== Activity ==
Within the entries below, output exactly the lines between the line containing "Ανταλλακτικά επαναφορτιζόμενου δραπανοκατσάβιδου" and the line containing "Tehtävän suorituspisteiden valitsemiseen", inclusive, and omit any picture.

Records excerpted from a collection:
■ ■ ■ ■ ■

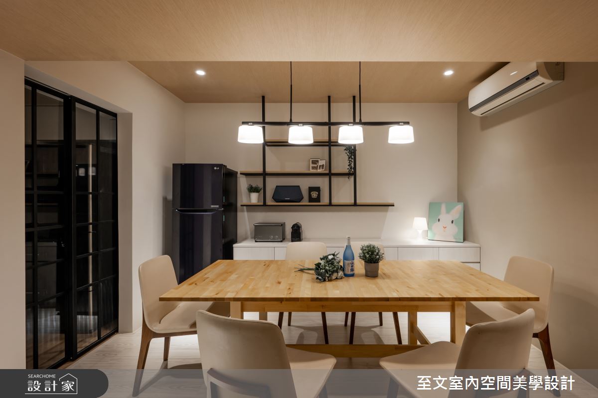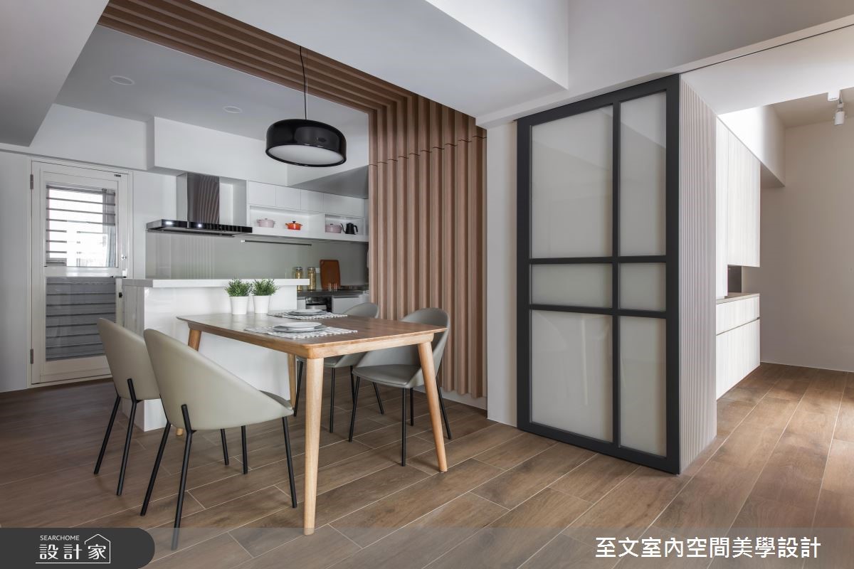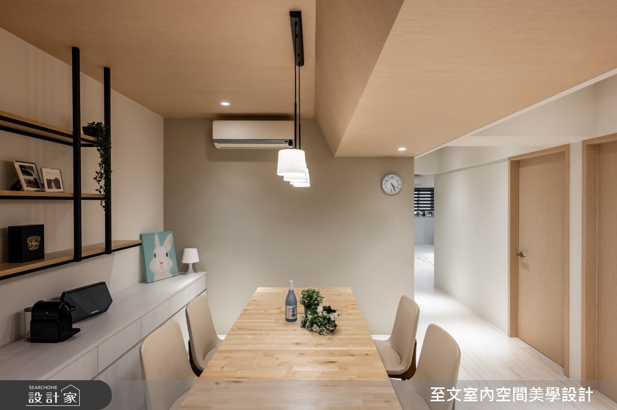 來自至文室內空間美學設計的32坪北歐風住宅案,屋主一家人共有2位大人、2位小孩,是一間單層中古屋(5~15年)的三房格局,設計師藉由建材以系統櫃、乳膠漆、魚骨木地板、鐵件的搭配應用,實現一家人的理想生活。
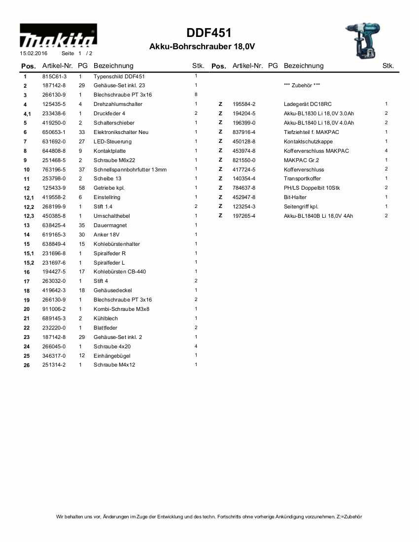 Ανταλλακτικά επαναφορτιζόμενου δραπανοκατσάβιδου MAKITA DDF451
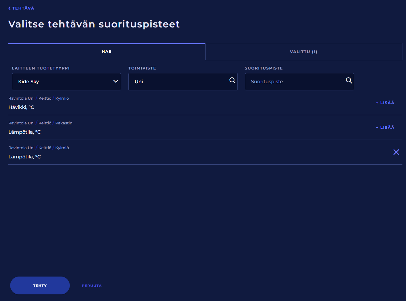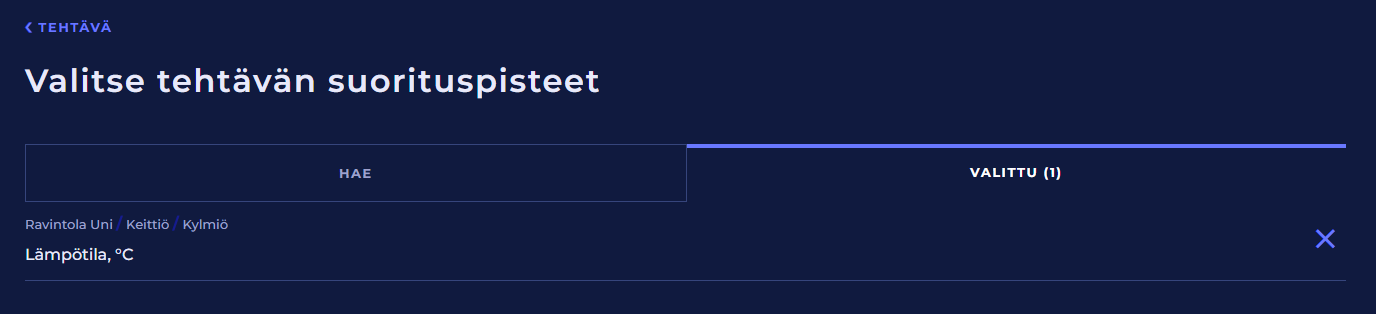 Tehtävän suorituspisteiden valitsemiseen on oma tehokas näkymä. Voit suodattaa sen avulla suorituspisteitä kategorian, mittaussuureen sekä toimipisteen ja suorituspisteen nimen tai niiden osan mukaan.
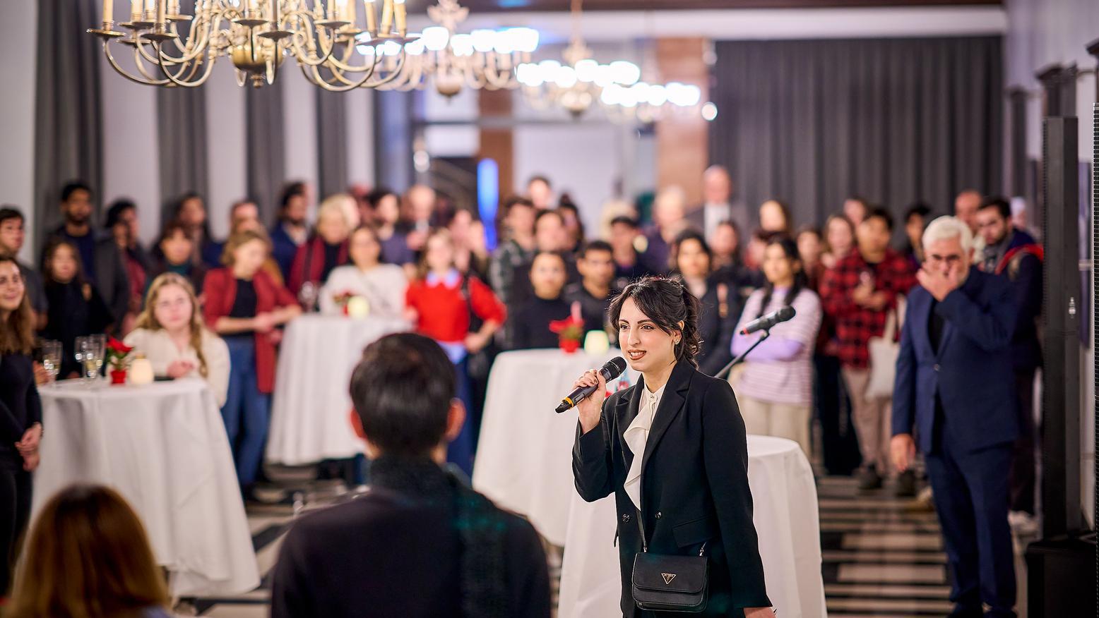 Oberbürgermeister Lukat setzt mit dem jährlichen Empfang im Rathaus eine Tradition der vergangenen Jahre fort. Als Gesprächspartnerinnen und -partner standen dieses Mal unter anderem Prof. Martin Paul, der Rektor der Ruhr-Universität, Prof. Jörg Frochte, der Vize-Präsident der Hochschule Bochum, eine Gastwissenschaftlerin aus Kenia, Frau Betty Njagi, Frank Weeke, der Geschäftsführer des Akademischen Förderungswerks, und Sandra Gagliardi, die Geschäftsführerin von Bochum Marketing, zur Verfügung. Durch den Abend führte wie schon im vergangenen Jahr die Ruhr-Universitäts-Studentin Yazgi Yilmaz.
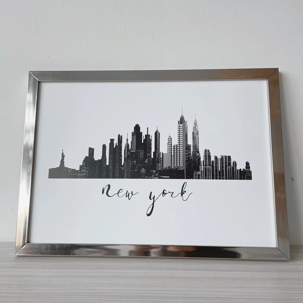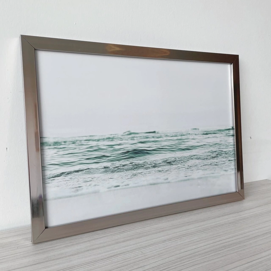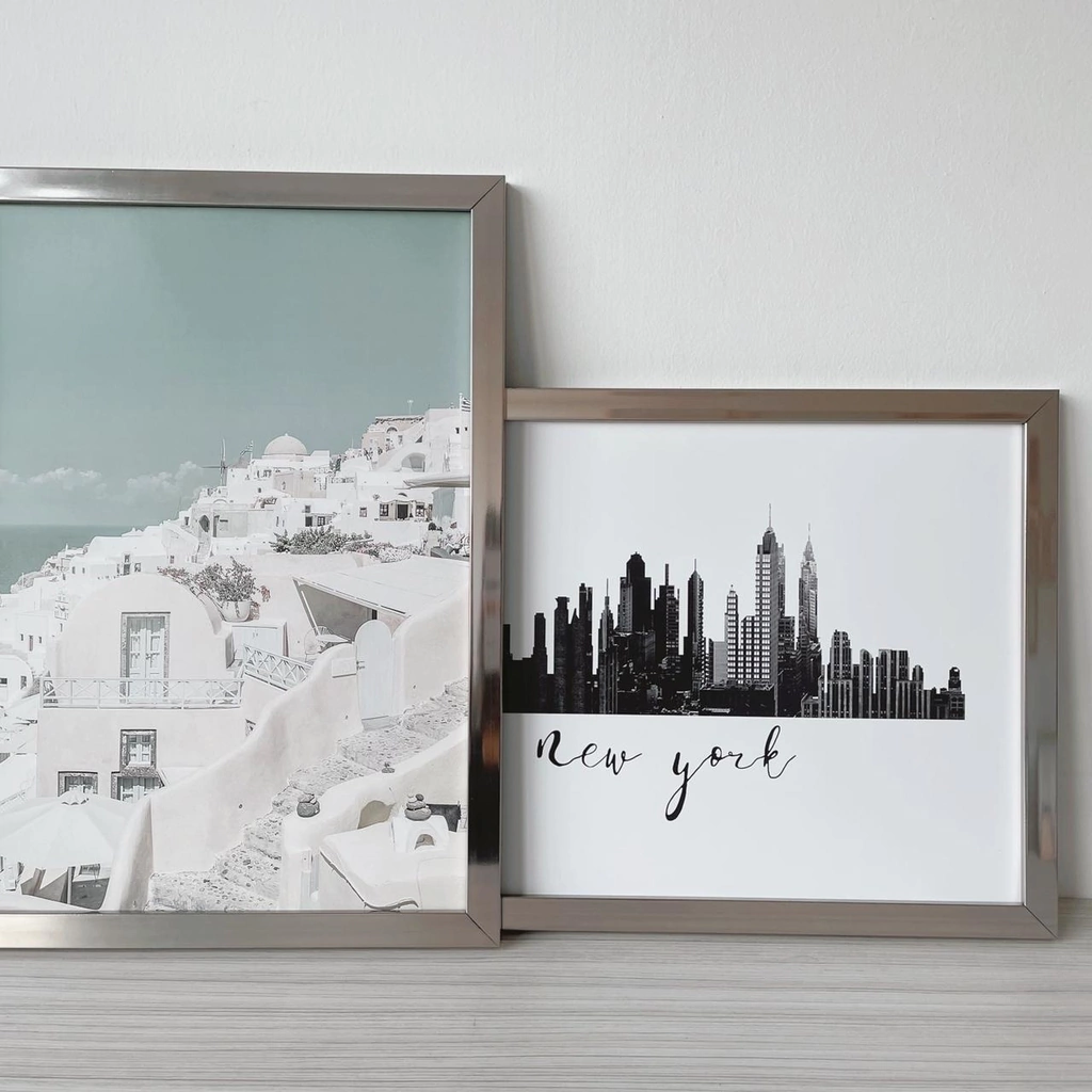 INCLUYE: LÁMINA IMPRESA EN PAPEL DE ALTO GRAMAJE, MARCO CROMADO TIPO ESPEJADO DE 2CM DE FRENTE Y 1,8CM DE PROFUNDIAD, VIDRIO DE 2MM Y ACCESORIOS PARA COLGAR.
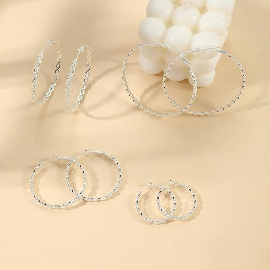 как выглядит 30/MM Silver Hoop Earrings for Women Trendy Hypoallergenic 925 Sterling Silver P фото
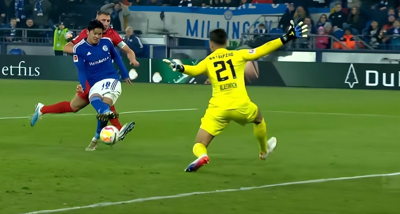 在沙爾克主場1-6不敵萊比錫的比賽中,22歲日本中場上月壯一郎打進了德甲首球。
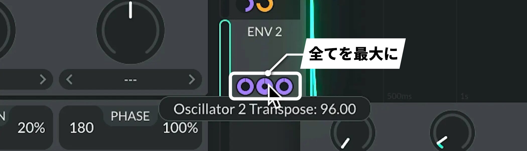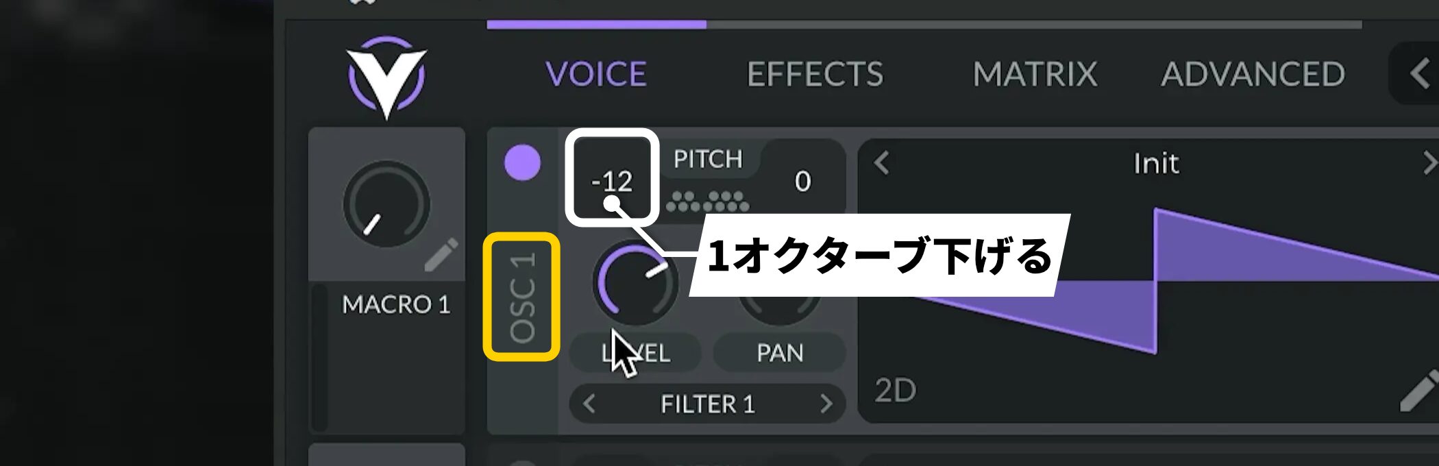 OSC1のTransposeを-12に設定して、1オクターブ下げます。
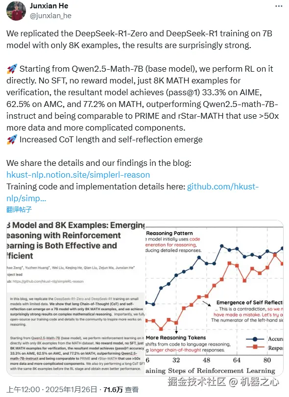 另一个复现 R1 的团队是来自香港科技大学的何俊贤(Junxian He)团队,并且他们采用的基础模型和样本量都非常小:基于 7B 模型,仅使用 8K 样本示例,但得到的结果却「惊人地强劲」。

■ ■ ■ ■ ■

== Response area ==
 Ανταλλακτικά επαναφορτιζόμενου δραπανοκατσάβιδου MAKITA DDF451
 Tehtävän suorituspisteiden valitsemiseen on oma tehokas näkymä. Voit suodattaa sen avulla suorituspisteitä kategorian, mittaussuureen sekä toimipisteen ja suorituspisteen nimen tai niiden osan mukaan.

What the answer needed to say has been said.